RFR 8078143: java/lang/management/ThreadMXBean/AllThreadIds.java fails intermittently

Thu Apr 30 18:27:23 UTC 2015

On 30.4.2015 19:18, Martin Buchholz wrote:
> Tests that sleep can almost always be better written some other way.
> In this case, I would prefer busy-waiting with timeout until the
> expected condition becomes true.

The thing is that in case of a real issue with the thread counters we
a/ would be busy-waiting till the test times out (using an arbitrary 
delay is also problematic due to different performance of different 
machines running with different configurations)
b/ would get a rather confusing message about the test timing out at the end

-JB-

>
> Here's some code from jsr166 tck tests:
>
>      /**
>       * Spin-waits until sync.isQueued(t) becomes true.
>       */
>      void waitForQueuedThread(AbstractQueuedSynchronizer sync, Thread t) {
>          long startTime = System.nanoTime();
>          while (!sync.isQueued(t)) {
>              if (millisElapsedSince(startTime) > LONG_DELAY_MS)
>                  throw new AssertionFailedError("timed out");
>              Thread.yield();
>          }
>          assertTrue(t.isAlive());
>      }
>
>
> On Thu, Apr 30, 2015 at 7:25 AM, Jaroslav Bachorik
> <jaroslav.bachorik at oracle.com <mailto:jaroslav.bachorik at oracle.com>> wrote:
>
>     Please, review the following test change
>
>     Issue : https://bugs.openjdk.java.net/browse/JDK-8078143
>     Webrev: http://cr.openjdk.java.net/~jbachorik/8078143/webrev.00
>
>     The test fails intermittently due to inconsistent reporting of the
>     live threads number.It is related to
>     https://bugs.openjdk.java.net/browse/JDK-8021335 (or, better said,
>     caused by) - certain performance counters used for the thread
>     accounting are being updated under a mutex but are read without it -
>     and it can lead to stale data being reported.
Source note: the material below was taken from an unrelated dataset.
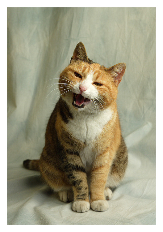 Mi piace l'illuminazione contrastata sul gatto. Non mi piace un gran che, invece, il lenzuolo come sfondo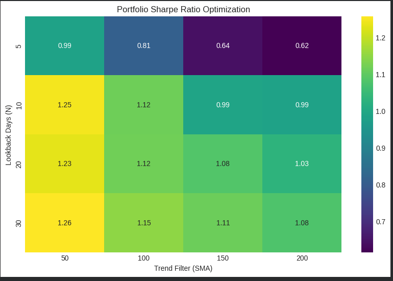 Before analyzing performance, we conducted a Grid Search across 16 parameter combinations to identify the most robust configuration. The goal was to maximize the Sharpe Ratio (Risk-Adjusted Return).

More details are
>     available in the linked issue and discussion.
>
>     Because of this it is not enough to join() a terminating thread to
>     make sure the numbers would be correct. Luckily enough, it seems to
>     be sufficient to wait for a short time before actually accessing the
>     counters to be able to get a consistent view. In this fix I opted
>     for a ridiculously huge interval of 500ms just to be sure.
>
>     Thanks,
>
>     -JB-
>
>